**TASK DETAILS:**
Repeat the data that follows exactly, starting at the line with "Для школы латиноамериканских" and ending at the line with "Por favor, note", and leave out every picture.
==============================
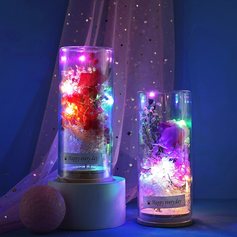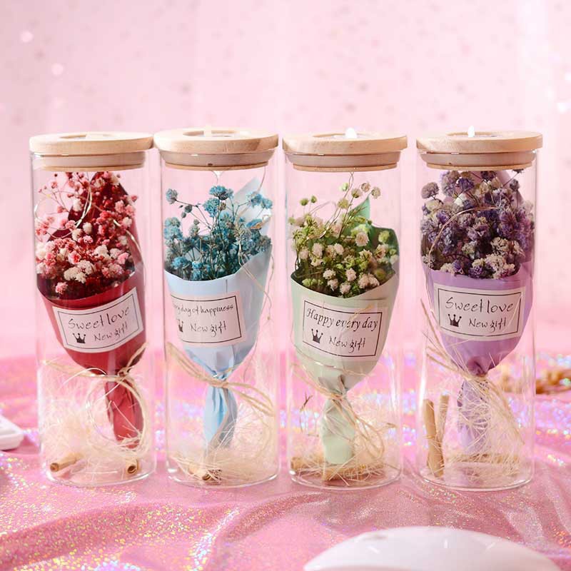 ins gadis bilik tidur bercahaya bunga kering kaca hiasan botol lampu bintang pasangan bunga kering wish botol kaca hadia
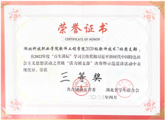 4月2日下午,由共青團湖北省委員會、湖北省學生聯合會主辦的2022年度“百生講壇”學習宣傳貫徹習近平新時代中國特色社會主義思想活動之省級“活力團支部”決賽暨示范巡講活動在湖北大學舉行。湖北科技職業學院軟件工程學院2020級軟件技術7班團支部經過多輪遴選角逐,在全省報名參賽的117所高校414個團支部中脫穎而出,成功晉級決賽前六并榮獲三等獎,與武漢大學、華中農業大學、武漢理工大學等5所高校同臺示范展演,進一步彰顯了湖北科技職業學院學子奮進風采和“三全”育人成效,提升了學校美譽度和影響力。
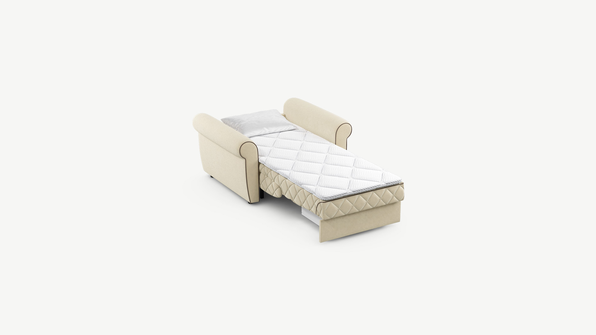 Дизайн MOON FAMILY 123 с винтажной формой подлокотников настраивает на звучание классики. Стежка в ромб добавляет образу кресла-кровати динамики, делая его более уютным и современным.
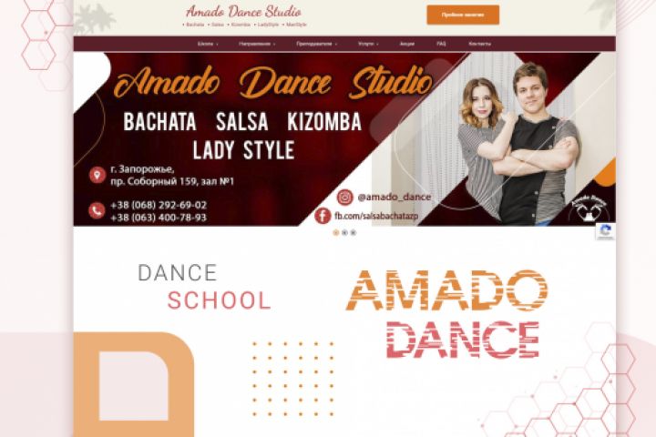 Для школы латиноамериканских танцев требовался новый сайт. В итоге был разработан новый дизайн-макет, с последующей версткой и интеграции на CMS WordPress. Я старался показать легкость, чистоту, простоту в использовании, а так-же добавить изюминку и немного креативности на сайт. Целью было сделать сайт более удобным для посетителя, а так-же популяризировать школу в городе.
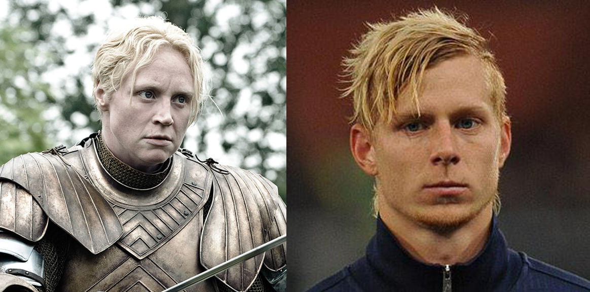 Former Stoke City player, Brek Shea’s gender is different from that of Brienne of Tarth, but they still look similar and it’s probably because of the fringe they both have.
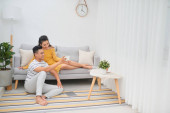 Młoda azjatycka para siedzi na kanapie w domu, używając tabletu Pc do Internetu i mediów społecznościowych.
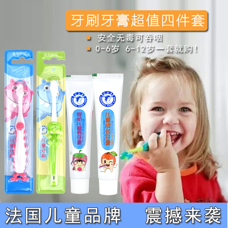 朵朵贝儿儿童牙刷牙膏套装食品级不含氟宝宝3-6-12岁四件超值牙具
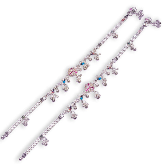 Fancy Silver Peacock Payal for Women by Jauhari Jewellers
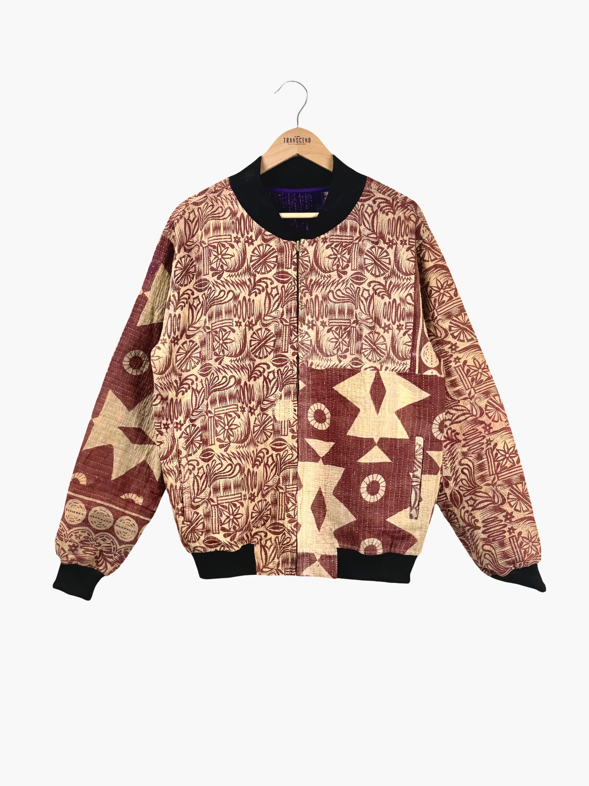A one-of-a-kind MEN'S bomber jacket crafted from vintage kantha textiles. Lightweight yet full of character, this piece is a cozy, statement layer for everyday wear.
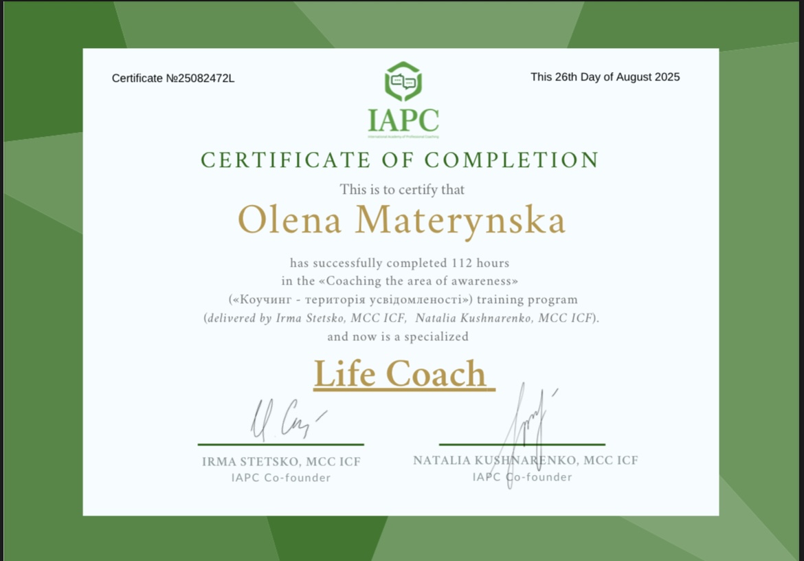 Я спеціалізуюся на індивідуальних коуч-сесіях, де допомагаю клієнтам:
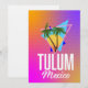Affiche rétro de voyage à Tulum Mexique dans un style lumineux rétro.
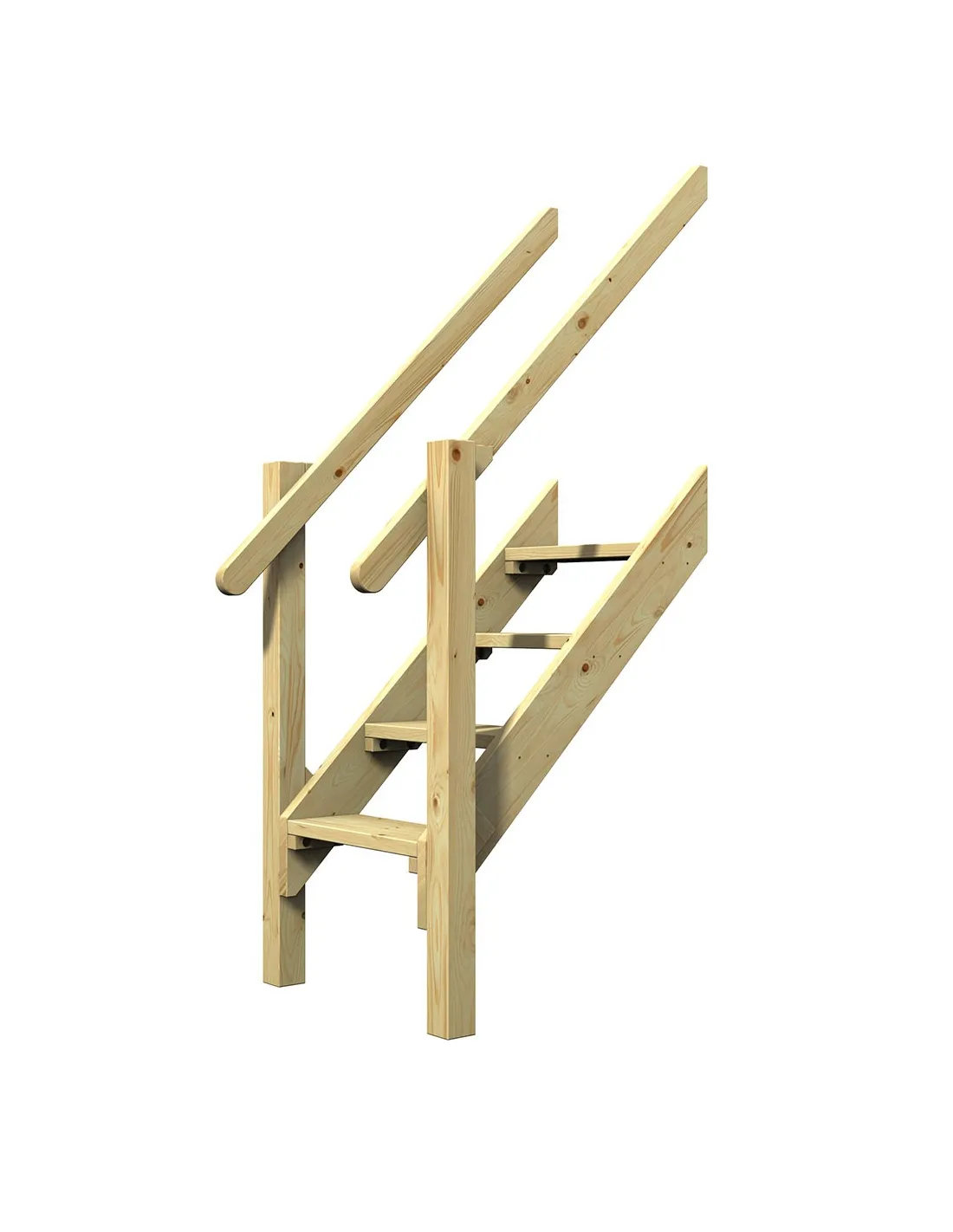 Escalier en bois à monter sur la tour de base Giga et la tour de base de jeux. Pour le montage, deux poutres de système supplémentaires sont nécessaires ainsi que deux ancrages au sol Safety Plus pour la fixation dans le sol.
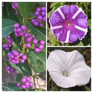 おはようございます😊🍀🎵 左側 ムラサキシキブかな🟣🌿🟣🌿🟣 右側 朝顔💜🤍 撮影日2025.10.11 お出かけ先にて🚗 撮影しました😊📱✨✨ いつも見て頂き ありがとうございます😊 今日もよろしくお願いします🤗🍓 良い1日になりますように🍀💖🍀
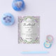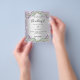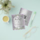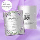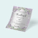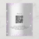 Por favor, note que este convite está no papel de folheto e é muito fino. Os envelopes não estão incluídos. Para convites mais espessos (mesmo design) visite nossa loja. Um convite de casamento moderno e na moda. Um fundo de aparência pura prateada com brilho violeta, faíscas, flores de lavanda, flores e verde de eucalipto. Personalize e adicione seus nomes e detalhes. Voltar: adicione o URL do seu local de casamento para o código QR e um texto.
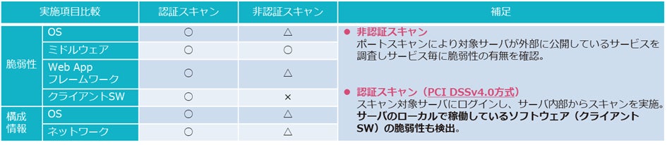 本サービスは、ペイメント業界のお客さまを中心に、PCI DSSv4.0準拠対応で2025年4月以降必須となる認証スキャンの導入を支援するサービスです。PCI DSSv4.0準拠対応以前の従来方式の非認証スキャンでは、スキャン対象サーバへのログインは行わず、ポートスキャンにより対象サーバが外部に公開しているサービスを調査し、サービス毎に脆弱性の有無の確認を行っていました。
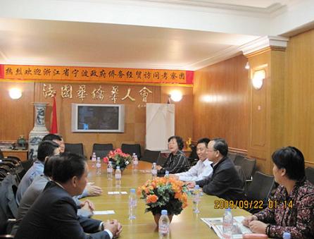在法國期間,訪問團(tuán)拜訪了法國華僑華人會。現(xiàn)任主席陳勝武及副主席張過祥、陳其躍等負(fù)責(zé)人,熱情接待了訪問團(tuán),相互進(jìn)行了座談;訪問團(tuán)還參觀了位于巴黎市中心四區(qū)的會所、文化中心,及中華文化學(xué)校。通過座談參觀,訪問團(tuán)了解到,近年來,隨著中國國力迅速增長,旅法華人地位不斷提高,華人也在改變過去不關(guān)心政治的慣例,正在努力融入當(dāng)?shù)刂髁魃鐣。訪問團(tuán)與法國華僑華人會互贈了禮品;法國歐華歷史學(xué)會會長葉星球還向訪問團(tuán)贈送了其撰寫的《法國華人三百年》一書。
==============================
**YOUR SOLUTION:**
 Для школы латиноамериканских танцев требовался новый сайт. В итоге был разработан новый дизайн-макет, с последующей версткой и интеграции на CMS WordPress. Я старался показать легкость, чистоту, простоту в использовании, а так-же добавить изюминку и немного креативности на сайт. Целью было сделать сайт более удобным для посетителя, а так-же популяризировать школу в городе.
 Former Stoke City player, Brek Shea’s gender is different from that of Brienne of Tarth, but they still look similar and it’s probably because of the fringe they both have.
 Młoda azjatycka para siedzi na kanapie w domu, używając tabletu Pc do Internetu i mediów społecznościowych.
 朵朵贝儿儿童牙刷牙膏套装食品级不含氟宝宝3-6-12岁四件超值牙具
 Fancy Silver Peacock Payal for Women by Jauhari Jewellers
A one-of-a-kind MEN'S bomber jacket crafted from vintage kantha textiles. Lightweight yet full of character, this piece is a cozy, statement layer for everyday wear.
 Я спеціалізуюся на індивідуальних коуч-сесіях, де допомагаю клієнтам:
Affiche rétro de voyage à Tulum Mexique dans un style lumineux rétro.
 Escalier en bois à monter sur la tour de base Giga et la tour de base de jeux. Pour le montage, deux poutres de système supplémentaires sont nécessaires ainsi que deux ancrages au sol Safety Plus pour la fixation dans le sol.
 おはようございます😊🍀🎵 左側 ムラサキシキブかな🟣🌿🟣🌿🟣 右側 朝顔💜🤍 撮影日2025.10.11 お出かけ先にて🚗 撮影しました😊📱✨✨ いつも見て頂き ありがとうございます😊 今日もよろしくお願いします🤗🍓 良い1日になりますように🍀💖🍀
 Por favor, note que este convite está no papel de folheto e é muito fino. Os envelopes não estão incluídos. Para convites mais espessos (mesmo design) visite nossa loja. Um convite de casamento moderno e na moda. Um fundo de aparência pura prateada com brilho violeta, faíscas, flores de lavanda, flores e verde de eucalipto. Personalize e adicione seus nomes e detalhes. Voltar: adicione o URL do seu local de casamento para o código QR e um texto.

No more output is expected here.